(Data records)
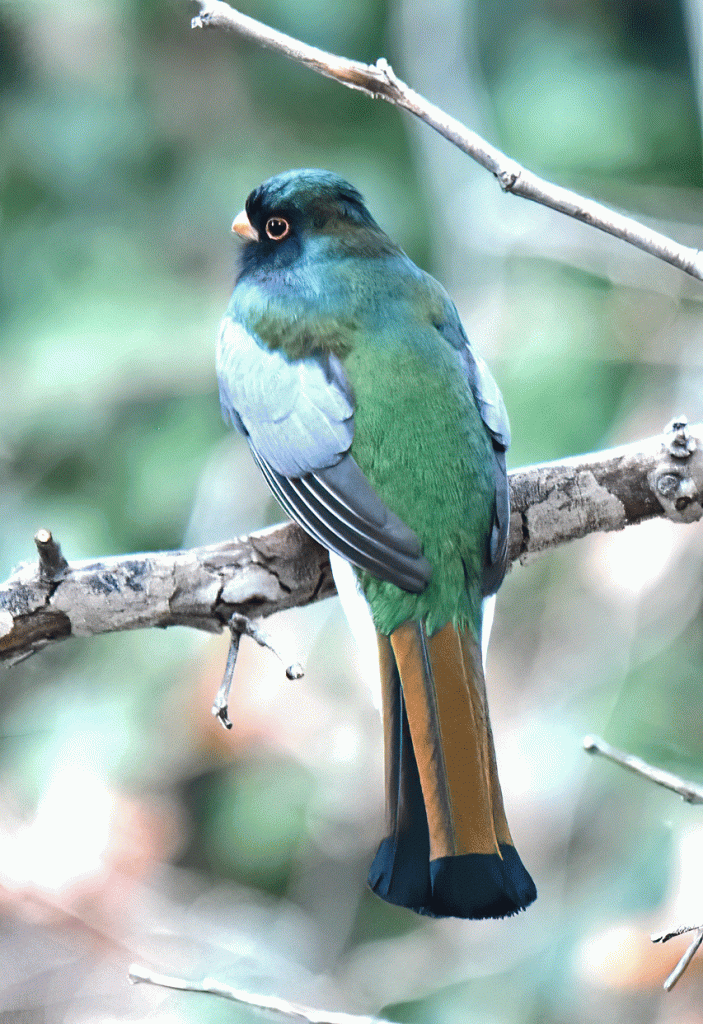 Madera Canyon is famous as a home for the Elegant Trogon. We set off early on January 2nd, prepared to wait all morning if we needed to. The trogon must have been hungry for the pyracantha berries because we it showed up within fifteen minutes. Doug took the photo of its green back and coppery tail; his favourite view.
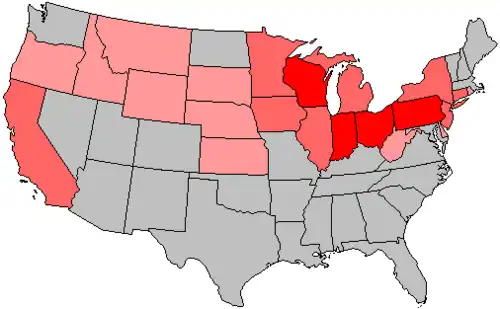 Meanwhile, the Republicans were united; they had shed their weakest members in a series of defeats since 1930.[3] Re-energized Republicans focused attention on strong fresh candidates in major states, especially Robert A. Taft, the conservative from Ohio,[4] Earl Warren (future Chief Justice), the moderate who won both the Republican and the Democratic primaries in California,[5] and Thomas Dewey, the crusading prosecutor from New York.[6] The Republican resurgence in 1938 was made possible by carrying 50% of the vote outside the South, giving GOP leaders confidence it had a strong base for the 1940 presidential election.[7]
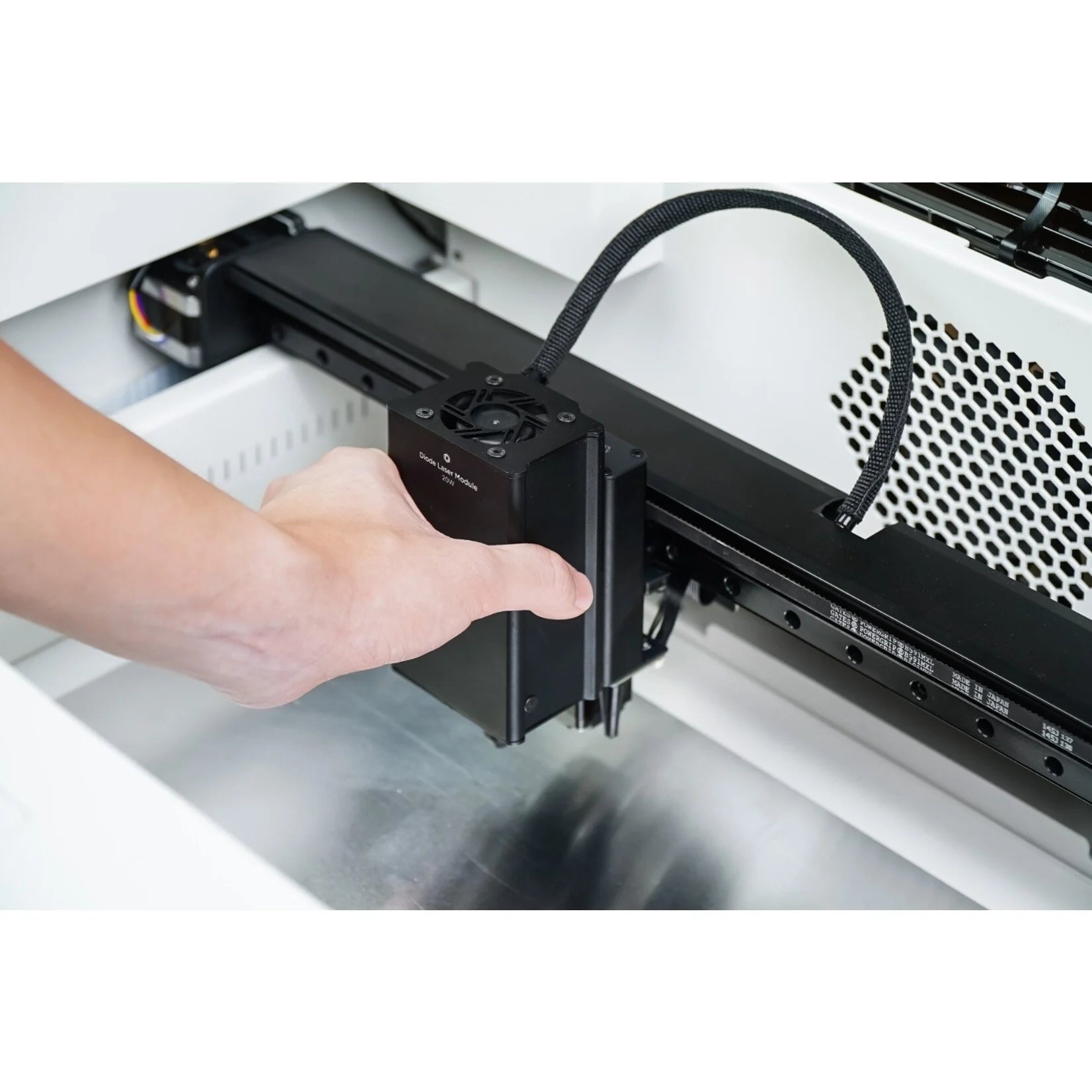 Den kraftfulla 10 W eller 20 W diodlasern möjliggör exakt gravering och skärning i material som trä, läder, papper, tyg och svart akryl, medan den valbara 2 W IR-lasermodulen öppnar för gravyr i metall och metalliska material. Med Printing Module adderas färg till projekten genom CMYK-baserat eco-solvent-bläck, vilket gör det möjligt att skriva ut både enfärgade motiv, blandade färger och gradienter direkt på plana material.
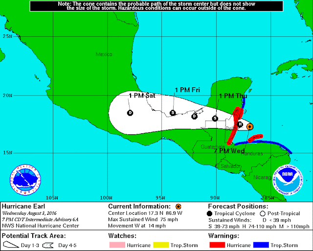 Lo más importante para destacar es que "Earl" seguirá aumentando su fuerza en las próximas horas, con un movimiento general del Oeste y una disminución en su velocidad de avance. Se espera que el sistema toque tierra en las costas de Belice entre la noche del día miércoles 3 de agosto y la madrugada del jueves 4, según ha informado El Centro Nacional de Huracanes con sede en Miami.Otra información importante para mencionar es que el sistema empezará a perder rápidamente intensidad, a medida que se mueva sobre tierra.
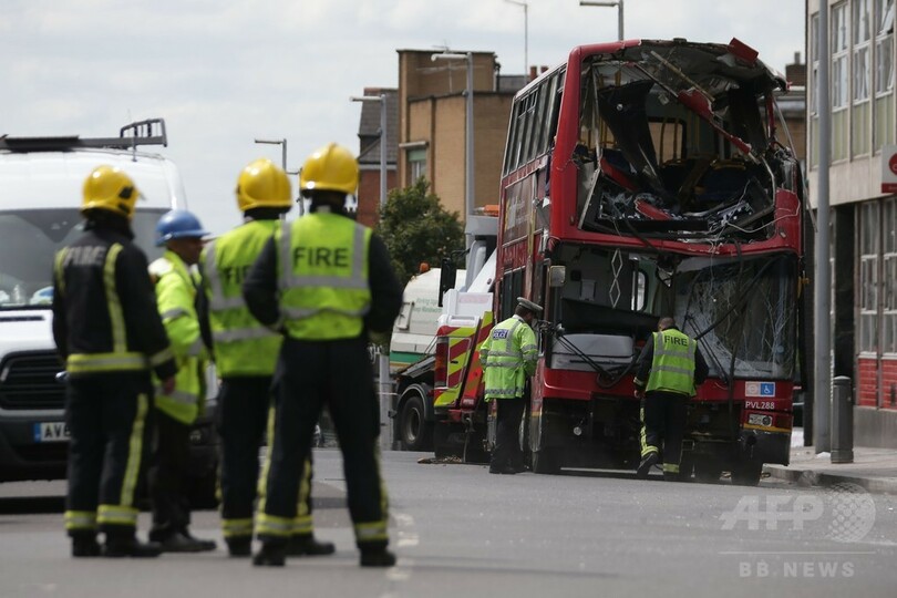 ロンドン名物2階建てバス、道路脇の店に突っ込み10人負傷
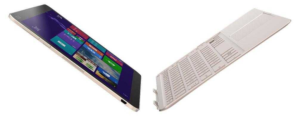 | · Операционная система:Windows8.1 (32-разрядная версия) · 8,9-дюймовыйIPS-дисплейWXGA(1280×800 пикселей) · Четырехъядерный процессорIntelAtomZ3775 · Накопитель:32/64ГБeMMC · Габариты: 241×137,5×7,5/16,5 мм (планшет/с док-станцией) · Вес: 0,40 кг (планшет) 0,75 кг (с док-станцией) |
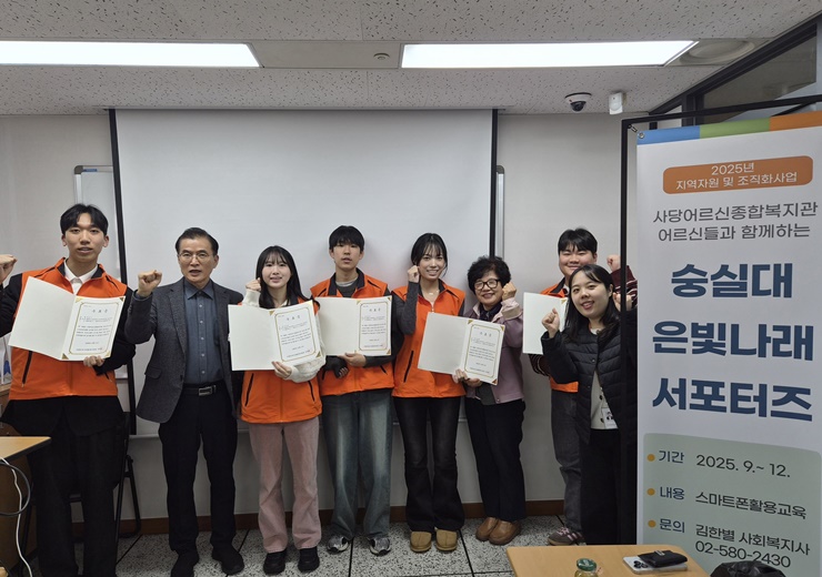 한편, 사당어르신종합복지관은 숭실대학교 은빛나래 서포터즈와 어르신이 상호 소통하고 함께 성장할 수 있는 세대통합 활동을 지속적으로 운영할 계획이다.
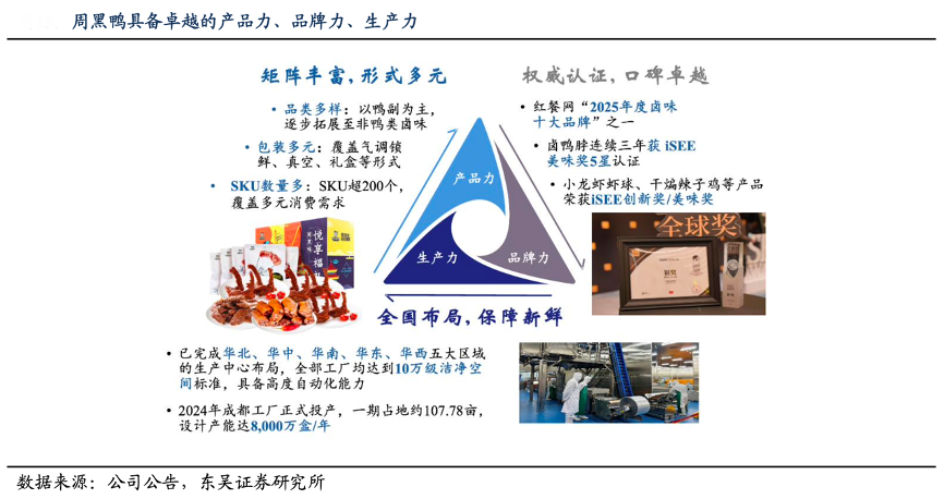經典案例:根據公司公告、東吳證券研究所等綜合資訊表明,周黑鴨具備卓越的產品力、品牌力、生產力。
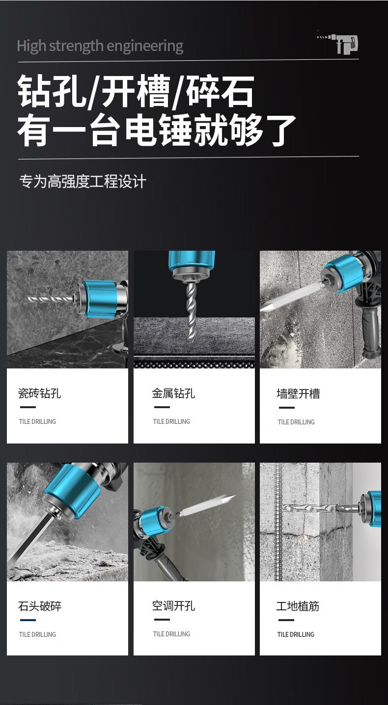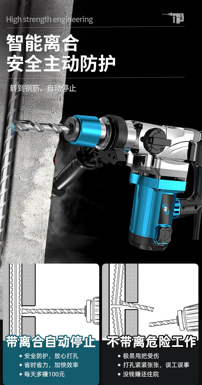 OP electric hammer electric pick high-power impact drill industrial concrete power tool household multi-function electric drill flagship model three-piece set
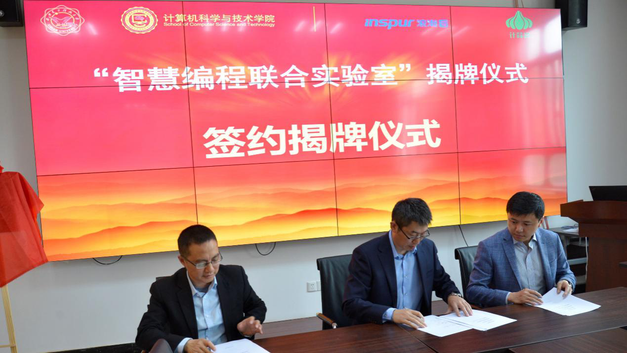 崔江涛首先介绍了学院人才培养的基本情况,他表示此次与浪潮和矩道优达合作建立联合实验室是大家共同合作的结果,他希望通过联合实验室的建设,推动教育课堂改革,促进计算机导论与程序设计基础编程课程的教学模式创新,使得信息技术和智能技术深度融入教育教学全过程,提高学院人才培养水平,促进高校人才培养与企业发展的合作共赢。
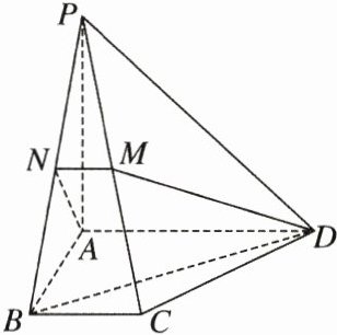 【例2】 如图,在四棱锥$P - ABCD$中,底面$ABCD$为直角梯形,$AD// BC$,$\angle BAD = 90^{\circ}$,$PA\perp$底面$ABCD$,且$PA = AD = AB = 2BC$,$M,N$分别为$PC,PB$的中点。
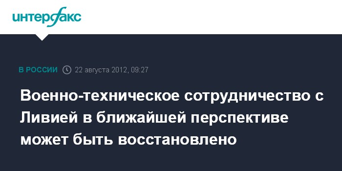 Москва. 22 августа. INTERFAX.RU - В Федеральной службе по военно-техническому сотрудничеству (ФСВТС России) не исключают, что ВТС с Ливией в ближайшей перспективе может быть восстановлено.
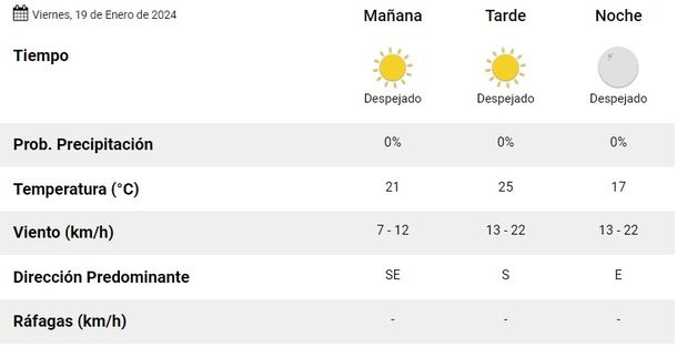 Para el sábado 20 de enero se espera una mínima de 15°C y una máxima de 25°C, con cielo despejado y algunas nubes hacia la noche.

• **Exercise instructions**: Take the records above from the line with "Москва. 22 августа." down to their last line and please copy those lines exactly, without the pictures.

• **Solution for this problem**:
 Москва. 22 августа. INTERFAX.RU - В Федеральной службе по военно-техническому сотрудничеству (ФСВТС России) не исключают, что ВТС с Ливией в ближайшей перспективе может быть восстановлено.
 Para el sábado 20 de enero se espera una mínima de 15°C y una máxima de 25°C, con cielo despejado y algunas nubes hacia la noche.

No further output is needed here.